Serbian journalist (1877–1913)

Ljubomir S. Jovanović (Љубомир С. Јовановић, 1877–25 June 1913), known as Ljuba Čupa (Љуба Чупа), was a Serbian guerrilla fighter, member of the Black Hand, soldier in the Balkan Wars, and journalist. He advocated for a united state of South Slavs under the leadership of Serbia.

==Life==
He was born in Brezova, Principality of Serbia. He attended primary school in his hometown and high school in Belgrade. He was enrolled in law school but his studies were disrupted by his political interest. A Serbian nationalist, he participated in the March Demonstrations (1903) in Belgrade against King Aleksandar Obrenović, and was accused of being the leader of Greater Serbia-demonstrations and an associate of the rivaling officers; he was forced to flee by boat to Zemun, at the time part of the Austro-Hungary. He moved to Vienna, and then returned to Serbia following the May Coup.

As many nationalistic youths he was inspired by the Serbian Chetnik Organization. In February 1905 he joined the unit of Aksentije Bacetović-Baceta and operated in the Kozjak area, participating in several operations. After the death of Baceta in 1905, he returned to Belgrade where he finished his law studies. At this time he began working in journalism. He spent some time in Brussels. As a student, he was a founder and editor of the Slovenski jug magazine, and when he was unable to pay the rent for his apartment he slept in the office.

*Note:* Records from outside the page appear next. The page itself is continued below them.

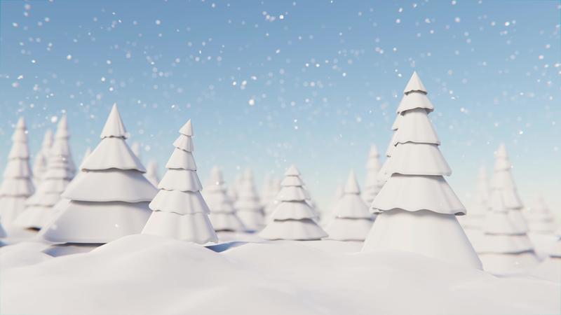 4K loop Animation. Snowflakes falling in a frozen forest with pine trees. Winter background. Pro Video
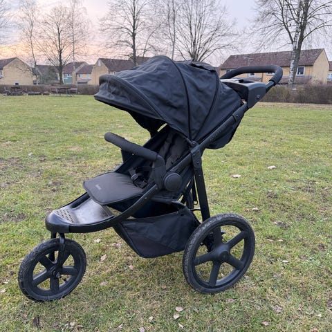 Plads til to børn, seler, myggenet og god plads til opbevaring bag sæderne.
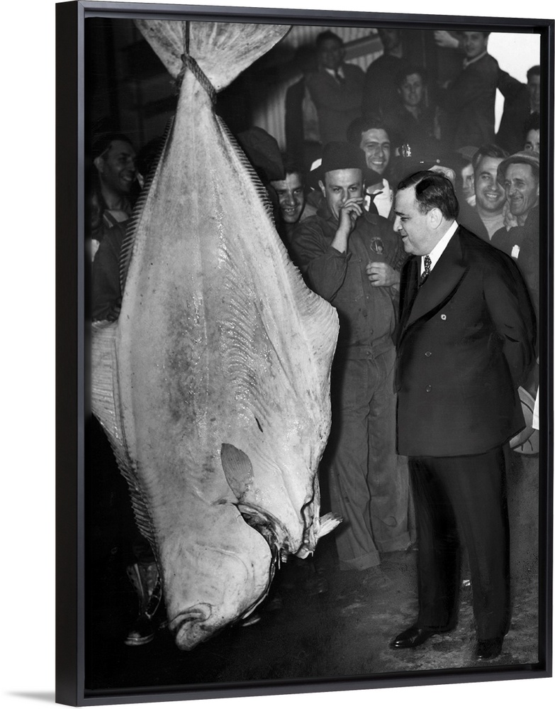 <p>(1882-1947). American lawyer and politician, mayor of New York City, 1934-45. With a 300-pound halibut at Fulton Fish Market in NewYork City. Photograph, 1939.</p>
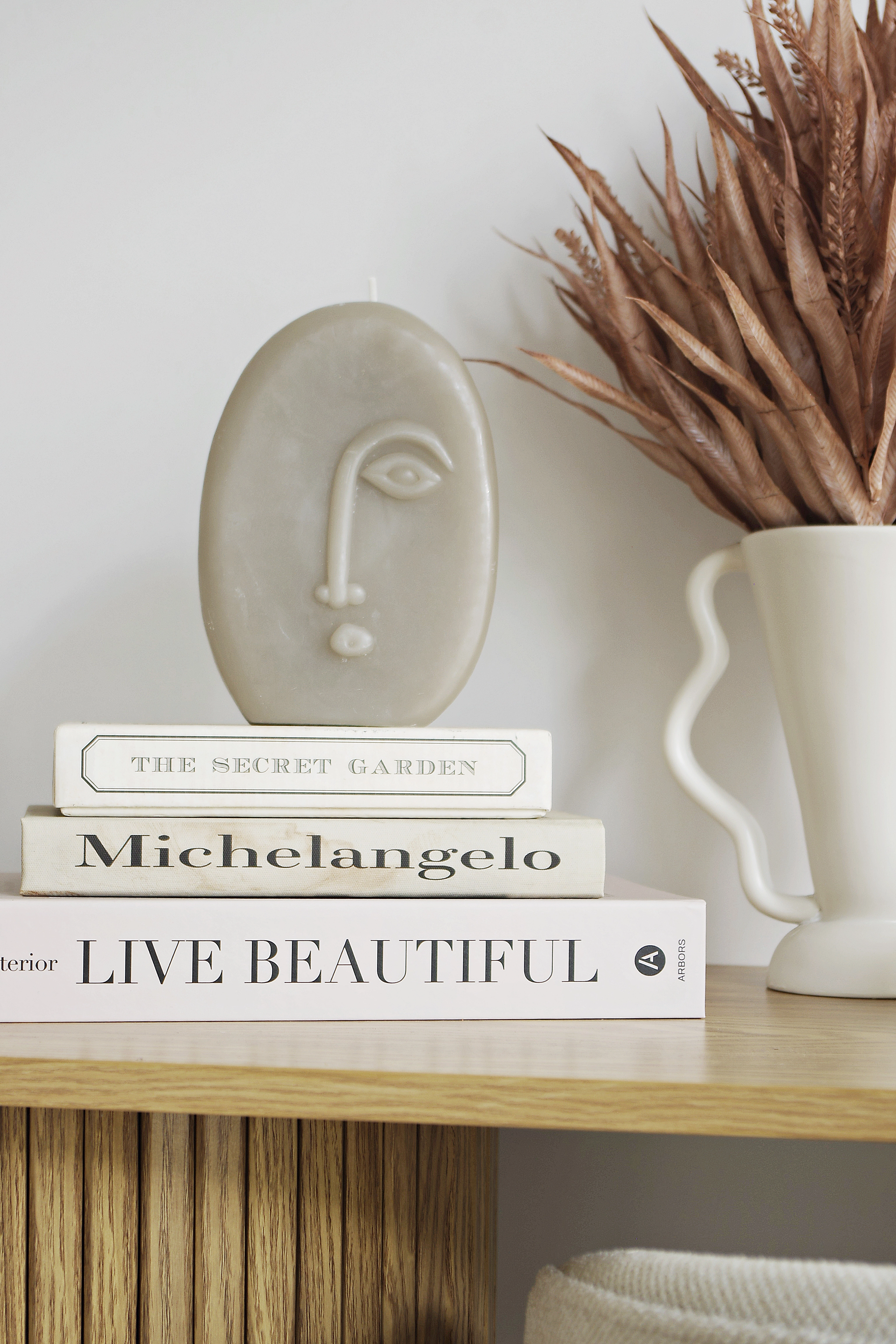 Świeca woskowa "SOHO"-34 w kolorze beżowym to elegancki i stylowy element dekoracyjny. Jej wymiary wynoszą 11,3 cm szerokości, 4,8 cm głębokości i 16,2 cm wysokości, co sprawia, że doskonale prezentuje się na stole, komodzie lub półce. Minimalistyczny design i neutralna kolorystyka nadają wnętrzu przytulny i harmonijny charakter. Idealna do nowoczesnych i klasycznych aranżacji, tworząc ciepłą i relaksującą atmosferę.

In 1911, Ljuba Jovanović with two colleagues, Branko Božović and Bogdan Radenković, started a daily called Pijemont that had among its contributors well-known critics, poets, and writers, including Jovan Skerlić Milutin Bojić, Milan Rakić, Jovan Dučić, and others. Apart from tirelessly campaigning for pan-Serb unification, Pijemont offered a variety of political ideas, targeting corruption and discord in Serbia.

Ljuba was one of initiators of the establishment of the Black Hand (1911), and one of the founding members. Together with Bogdan Radenković and Vojislav Tankosić he wrote the constitution of the organization. The constitution was modeled after similar German secret nationalist associations and the Italian Carbonari. He founded the Pijemont magazine in August 1911.

He was mobilized in the First Balkan War and fought as a reserve officer. He participated in the Second Balkan War against Bulgaria in the summer of 1913 and was wounded in the knee in fighting around Veles. He was transported for treatment in Skopje, but the hospital was infected with cholera, from which he died on 25 June 1913. He was buried in Skopje, but the location of his remains is unknown.